Reviewing pieces of your system is necessary to keep it functional and up to date.

Certain elements of your system are more important than the others so there is a sequence you should follow when looking at your commitments. Also it makes sense to review list that cover day to day activities more often than those meant to keeping track of your goals and dreams. First is prone to more rapid changes.

There are two main types of reviews that help keep the system running.

Daily reviews – this helps to make sure the key actions and meetings are properly scheduled. It also allows to give any day a structure and purpose. Daily review is focusing on the immediate elements like calendar, next actions and waiting for’s.
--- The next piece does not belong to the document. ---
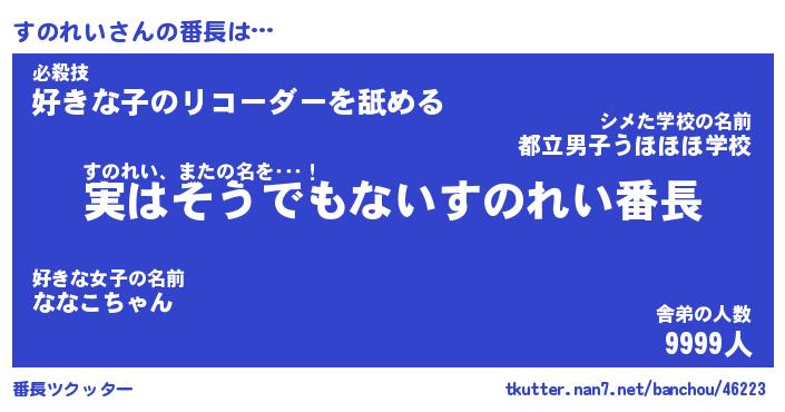 | 意味不明あだ名 | 『ペロリンすのれい』『永久保存すのれい』 |

Weekly review – Allen suggests to do a complete review of the content of the system once a week. If your week was very heavy in changes and priority shifts it might be needed do a through review even more often. As weekly review should look at the whole system: calendar, project list, action lists, someday maybe etc. In addition to that weekly review includes exercise called “brain dump” which aims at clearing your head from all the items floating in it. The result of brain dump is good indication of what needs your attention in first place.
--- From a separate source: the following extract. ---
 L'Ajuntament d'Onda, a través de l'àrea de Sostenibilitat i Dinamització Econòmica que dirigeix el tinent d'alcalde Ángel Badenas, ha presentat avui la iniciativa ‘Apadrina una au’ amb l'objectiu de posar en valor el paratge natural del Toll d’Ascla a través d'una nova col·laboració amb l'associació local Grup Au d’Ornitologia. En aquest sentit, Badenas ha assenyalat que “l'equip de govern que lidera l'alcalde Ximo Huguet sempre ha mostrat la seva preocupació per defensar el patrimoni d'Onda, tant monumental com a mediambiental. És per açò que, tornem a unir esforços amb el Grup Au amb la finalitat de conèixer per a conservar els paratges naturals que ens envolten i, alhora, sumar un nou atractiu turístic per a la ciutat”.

Daily review is usually quick scan of various lists and it can be done in not time. However weekly review is more complex and for most part it requires good bit of time and focus. This review covers much more in depth look at your system it will take a while to complete it. Finding the right time and place to complete weekly review can be a significant factor contributing to the success of weekly review. Basic suggestion point to Friday as most suitable day to complete such review. This day of the week is relatively slow but it still allows for follow up and contact with people when necessary.

It’s worth mentioning that there are other reviews which focus on looking at your goals, visions, life plans and other so called "higher altitude” elements. These are usually happening once a quarter or once a year to check for progress and adjustments. Higher altitude elements will be covered in future post.